L’équipe psychiatrique et moi-même avons contacté les services de protection de l’enfance de l’État et le service de police local dans l’espoir de pouvoir aider à sortir de l’impasse. La réponse était non. Les armes étant enregistrées légalement, le simple fait que le mineur de ce ménage ait fait une tentative de suicide presque létale ne constitue pas un motif suffisant pour retirer les armes à feu.

Certes, Alex ne possédait pas ces armes. Mais c’était dans le Connecticut, où près de deux ans plus tôt, un jeune homme avait abattu 20 enfants dans une école primaire de Newtown. Ce jeune homme souffrant de problèmes de santé mentale ne possédait pas non plus ces armes. Il les a volés à sa mère avant de la tuer.

En tant que résident de première année en psychiatrie, j’avais vu à quel point une seule erreur de jugement pouvait être fatale. J’avais évalué un homme amené à l’urgence par sa femme. Elle était préoccupée par l’ampleur de sa tristesse depuis que leur fils de 16 ans s’était tué et s’était tué trois jours auparavant. Les parents étaient partis et sont revenus retrouver leur fils mort dans sa chambre, une arme de poing avec une douille d’obus à côté de lui. Les parents n’avaient même pas cru que le pistolet fonctionnait. Il n’y avait pas de munitions chez eux. À l’époque, j’étais bien trop inexpérimenté pour comprendre les nuances de cette rencontre et discerner le chagrin causé par la culpabilité dans les larmes qui coulaient sur le visage du père. Mais je me souviens clairement de l’énormité de sa douleur.

Je me suis à nouveau approché du beau-père pour lui demander s’il allait retirer les armes à feu temporairement et les entreposer ailleurs. Encore une fois il a refusé. J’avais épuisé tous les remèdes. Alex est rentré chez lui dans une maison remplie d’armes à feu.

J’ai parlé de son cas à plusieurs reprises avec mes amis et mes collègues soldats au cours des quatre dernières années. Et chaque fois que j’ai soulevé le dilemme, certaines personnes ont levé la main pour dire que rien ne pouvait être fait. Un ami m’a dit catégoriquement que je suis contre le deuxième amendement et que j’essaie d’enlever les armes des gens. Je ne suis pas. Un autre collègue m’a dit que tant que les armes sont sécurisées en sécurité, il n’y a pas de problème. Mais les adolescents sont aussi intelligents que débrouillards. Le jeune assassin de la mère de Newtown était un «passionné d’armes à feu» qui avait pénétré dans le coffre des armes à feu de sa mère. Il n’y avait pas de cambriolage.

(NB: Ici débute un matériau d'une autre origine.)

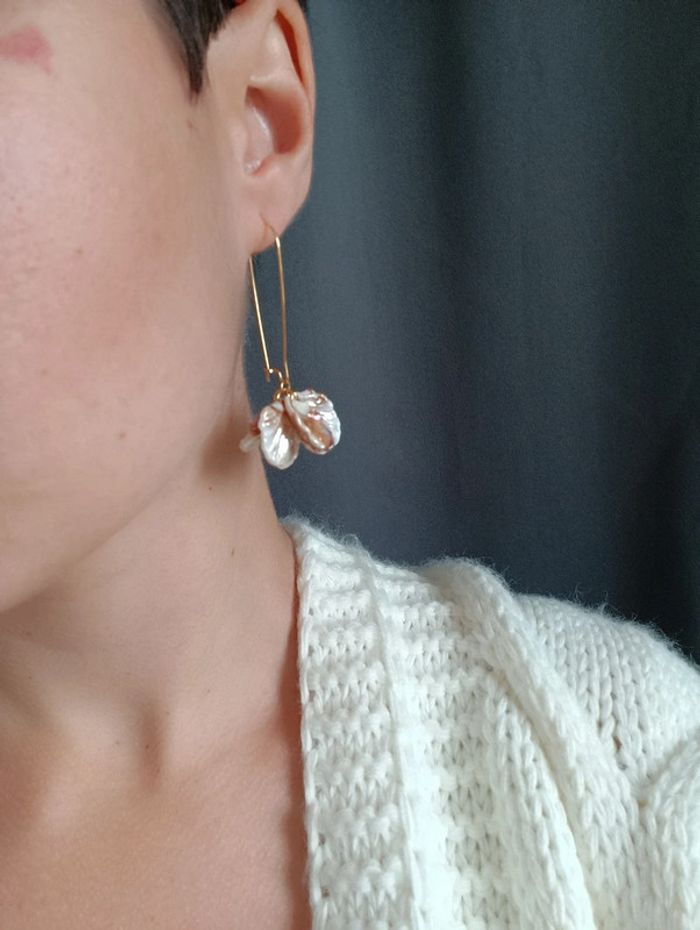 🌞Prix fixe, création 🌞 Jolies créoles longues en acier inoxydable ❤️ Pétales acryliques blanc beige a reflet Superbes portées Inspiration sézane ✨ (D'autres couleurs de dispo, envoyez moi un petit message si vous ne trouvez pas votre bonheur dans mon dressing) ✨ Pour toute demande de lot, m'envoyer un message avec la capture d'écran des articles voulus et je m'en occupe ✨ Envoi rapide et soigné 🤗 Belle découverte ☀️ - Les bijoux en base d'acier inoxydable sont théoriquement résistants à l'eau. Néanmoins, je conseille, pour la durabilité, d'éviter le contact prolongé de vos bijoux fantaisie avec l'eau, le chlore, le parfum, et de les ranger à l'abri du soleil pour une parfaite tenue dans le temps 🤗 - Éviter complètement l'eau pour les bijoux comportant des pierres naturelles, perles de rocailles, acryliques, bois ... - Pour toute question, ou demande, un petit message 🤗 - Abonnez-vous à mon profil vinted pour ne rien louper 👍 #bijouxfantaisie #y2k #cadeaufemme #cadeau #tendance #style #zara #accessoires #acierinoxydable #neuf #vintage #inspiration #sézane

Il n’y a pas si longtemps, j’ai admis un adolescent de 15 ans dont le père l’avait trouvé assis à côté d’une arme de poing chargée chez lui. Le père m’a juré que l’arme à feu avait été enfermée dans un coffre-fort. Il ne pouvait pas comprendre comment son fils avait eu accès. Mais il avait, il était sur la table, en train de se reposer à côté de la note de suicide qu’il avait laissée à ses parents.

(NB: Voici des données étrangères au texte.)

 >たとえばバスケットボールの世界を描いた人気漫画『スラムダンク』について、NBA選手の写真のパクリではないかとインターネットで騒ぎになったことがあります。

Je suis un soldat et je me considère comme un partisan du deuxième amendement. Mais je crois d’abord à prendre toutes les mesures possibles pour protéger les enfants fragiles. Cela exige un compromis dans ce qui est trop souvent un débat intransigeant sans juste milieu. Retirer des armes à feu d’une maison pendant quatre à six semaines au cours de la période à haut risque suivant une hospitalisation ne revient pas à priver quelqu’un de son droit de porter les armes. Et je ne peux pas croire qu’il existe un parent qui souhaite offrir à ses enfants les moyens de se tuer.

Je ne veux plus jamais décharger un jeune patient fragile dans ce que je pense être une situation mortelle. Je n’ai jamais entendu ce qu’il est advenu d’Alex. Tout ce que je sais, c’est qu’il ne s’est jamais présenté à son rendez-vous de suivi.

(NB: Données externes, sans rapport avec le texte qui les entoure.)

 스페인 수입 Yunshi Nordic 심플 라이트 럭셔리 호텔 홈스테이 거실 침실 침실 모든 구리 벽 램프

Cet article a été publié à l’origine sur le blog Mind Matters de Scientific American. Il est partagé ici avec la permission du Dr Qayyum.

Références

Miller, M., Azrael, D., et Hemenway, D. (2004). L’épidémiologie des taux de létalité des suicides dans le nord-est. Annals of Emergency Medicine, 43 (6), 723-730.

Tseng, J., Nuño, M., Lewis, AV, Srour, M., Margulies, DR et Alban, RF (2018). Législation sur les armes à feu, violence par armes à feu et mortalité chez les enfants et les jeunes adultes: étude de cohorte rétrospective portant sur 27 566 enfants aux États-Unis. International Journal of Surgery, 57, 30-34.